The livelihoods of 1.5 million Mongolian citizens - almost half of Mongolia's population - depend on animal husbandry. A sole dependency on livestock implies problems related to inter- and intra-annual variability in weather, water and forage availability. Recent socio-economic developments furthermore changed farming practices and product preferences and partly induced a loss of traditional and appropriate herding knowledge.
The present survey characterised 225 agro-pastoral households along the Bulgan River Valley of western Mongolia in terms of their livelihood strategies and farm and livestock management. Interviews were conducted using semi-structured questionnaires; data were subjected to CATPCA and two-step cluster analysis.
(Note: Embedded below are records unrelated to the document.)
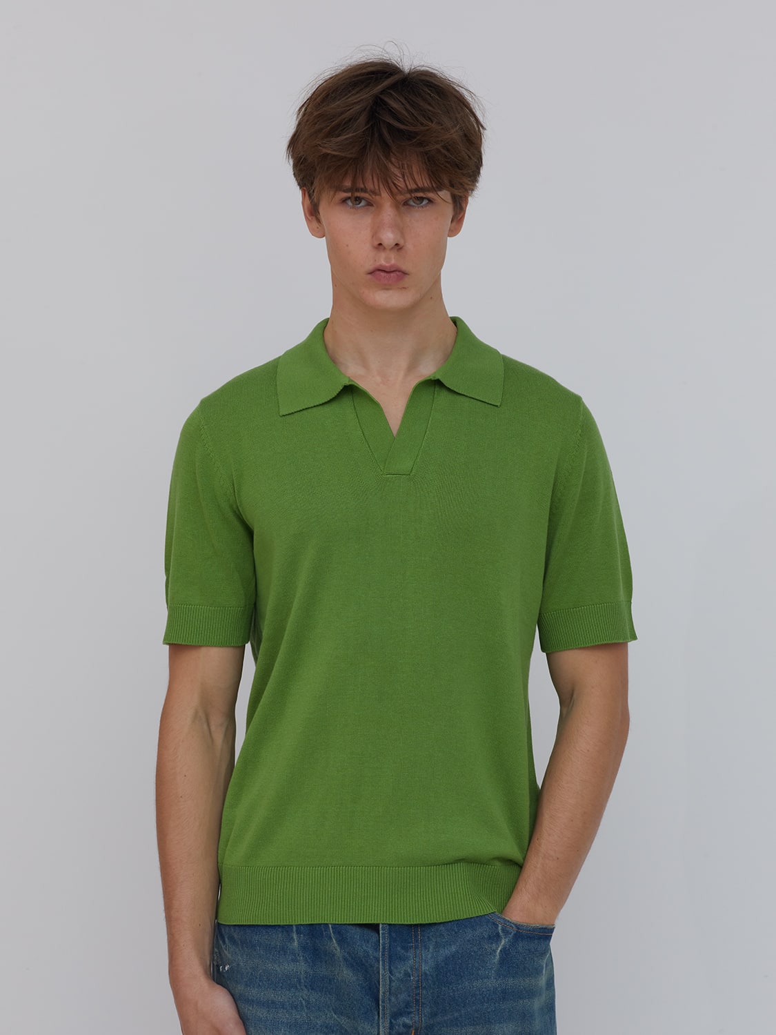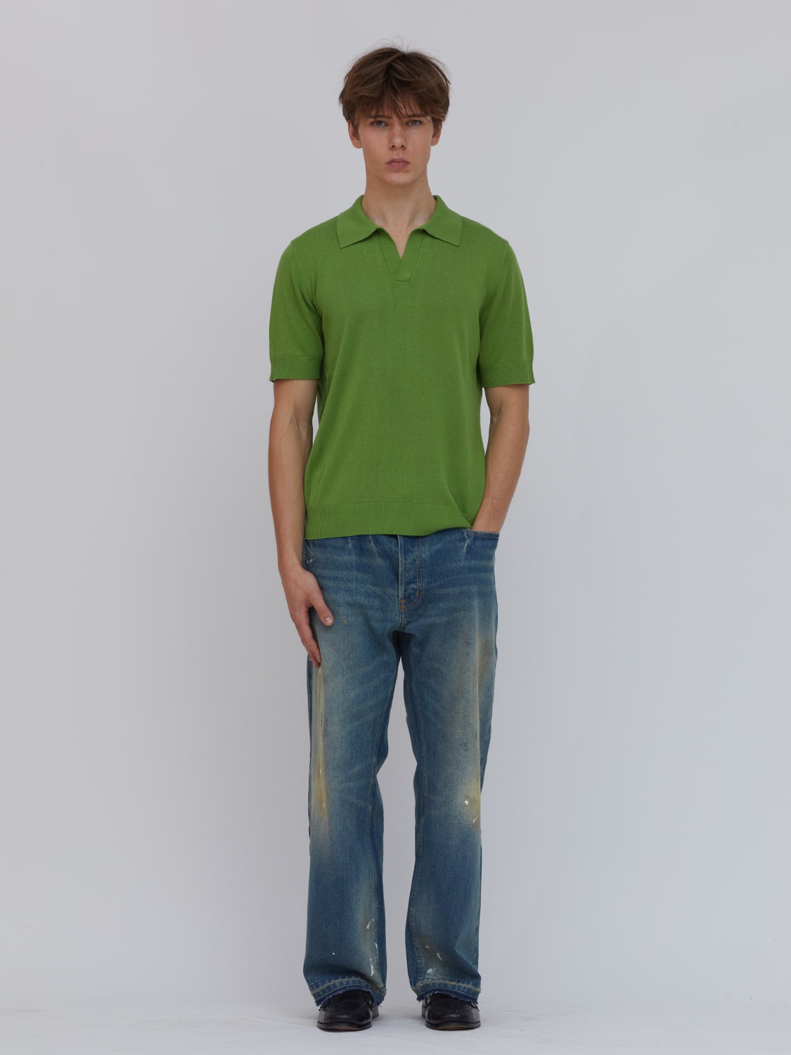 Open-collar knitted polo shirt in matcha green. Rib knit neck, hem, and cuffs. Light to medium weight. Minimal and relaxed. For dressy to casual occasions. 60% Cotton 40% viscose blend is breathable and soft for all-day comfort.
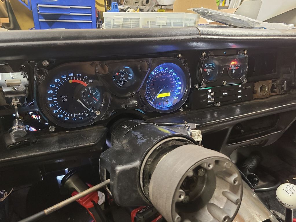This is fitted with Autometer tachometer and speedometer to complement the new LS drivetrain.
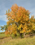 Trotz ihrer geringen Wuchshöhe ist die Echte Mehlbeere eine beeindruckende Baumart. Vor allem im Herbst zeigt sie ihre volle Schönheit, denn dann scheinen die orange bis scharlachrot gefärbten Früchte durch die gelb bis goldbraune Laubkrone. Aber auch im Frühjahr macht sie eine gute Figur. Die weißen Blüten verbreiten einen wohlriechenden Duft und locken zahlreiche Insekten an.
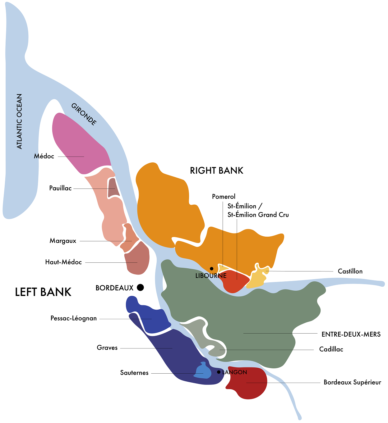 The ‘left bank‘ of Bordeaux is defined by its gravel-rich soils, laid down over centuries by the Garonne River, which provides excellent drainage and retain the much-needed heat, making this region particularly well suited to Cabernet Sauvignon. This terroir is well suited for late-ripening grape varieties, therefore Cabernet Sauvignon dominates the blends, supported by Merlot, Cabernet Franc, and small amounts of Petit Verdot. The Bordeaux‘s ‘left bank‘ is home to some of the world’s most prestigious appellations, including Médoc, Margaux, Saint-Julien, Pauillac, and Saint-Estèphe, each of them expressing the power and finesse of the best Cabernet Sauvignon wines of the world.
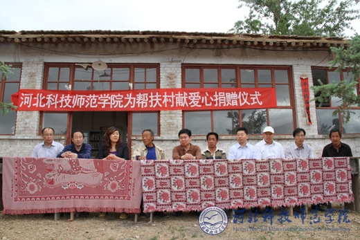 2013年5月24日,半岛online(中国)食品科技学院党委书记李艳坡,院长李军,副书记、副院长张红新,副院长康维民等一行4人赴张家口蔚县南董庄村驻村工作组驻地慰问并向村科技书屋捐赠了图书1200余册,铁皮书柜4套。半岛online(中国)为帮扶村献爱心捐赠仪式在南董庄村委会院内举行。半岛网页版界面党委常委、两办主任李佩国,驻南董庄村工作组组长朱天志,桃花镇副镇长王城,南董庄村书记何启库以及驻村工作组杨宗泽、赵建平、常学东等出席了捐赠仪式。捐赠仪式由驻村工作组组长朱天志主持。
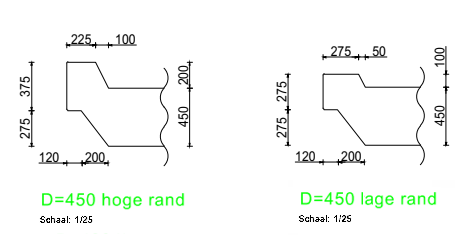 Op de randligger is ter plaatse van de leuning een verhoging aangebracht (schamprand) als opsluiting voor een eventuele slijtlaag.
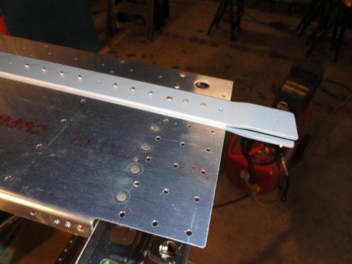 After disassembling all the rear ribs and spar bulkhead, I deburred all the ribs and the newly drilled holes in the spar. I also dimpled the rear outboard seat ribs per the instructions. Then I assembled the rear spar to the footwell ribs and riveted the outboard ribs per the instructions (with flush rivets to fit under the bulkhead parts). Next, I assembled the bulkhead parts and riveted them. Finally, I assembeld the rear seat ribs that had seat belt anchors and riveted the anchor parts together. I finished the day by clecoing the ribs in place, but I need to find out if the outboard footwell ribs get dimpled before riveting, so I may have to remove them before continuing.
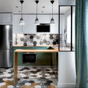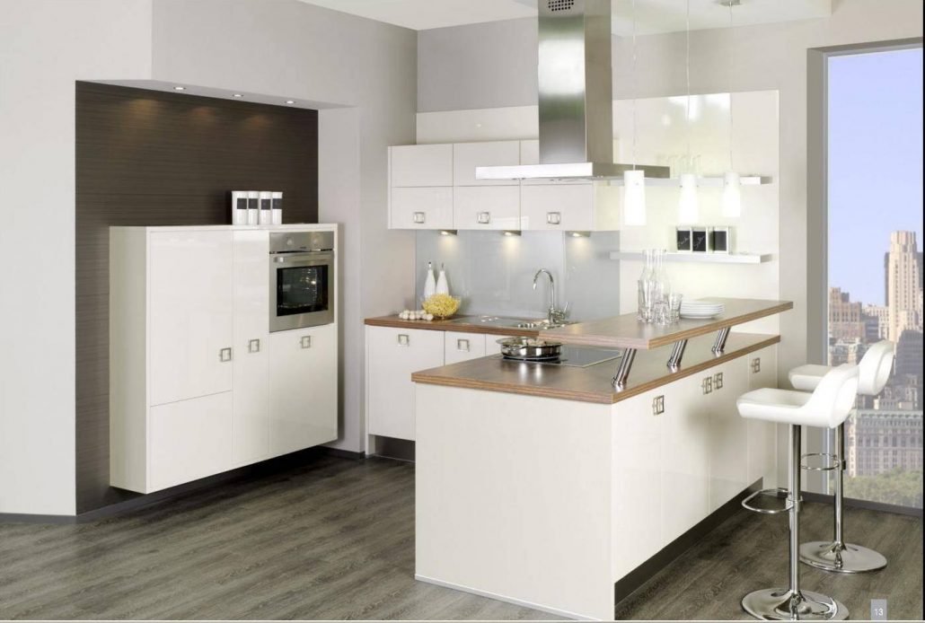 Les cuisines de ce type sont généralement en forme de U, c.-à-d. deux murs adjacents sont réservés à la cuisine et le comptoir de bar forme ou occupe le troisième. Cette solution est bien appliquée pour les studios, où vivent une ou deux personnes. L'utilisation d'un comptoir de bar comme table à manger peut considérablement économiser de l'espace dans l'appartement.

Results revealed a wide diversity of farm management approaches, a variable species composition of the households' livestock herds and a very strong focus on cashmere wool production. The annual livestock transhumance patterns partly reflect traditional herding practices, though it became evident that annual tracking distances are declining. Cropping activities played a secondary role, but were an additional and even alternative livelihood strategy. Four farm types could be distinguished, namely commercial livestock keeping (cL, 31%), commercial livestock keeping plus semi-commercial field cropping (cLscC, 11%), commercial field cropping (cC, 7%) and semi-commercial livestock keeping plus subsistence field cropping (scLsC, 51%). Cluster cL comprised households with a pure pastoralist lifestyle. For cLscC households, livestock was most important for generating cash income, while little additional income was supplied by field crops. cC farmers owned animals that were herded by other people; their focus was on cereal and vegetable production. Households of cluster scLsC dominated in the surveyed area with intermediate herd sizes and moderate importance of crop production activities.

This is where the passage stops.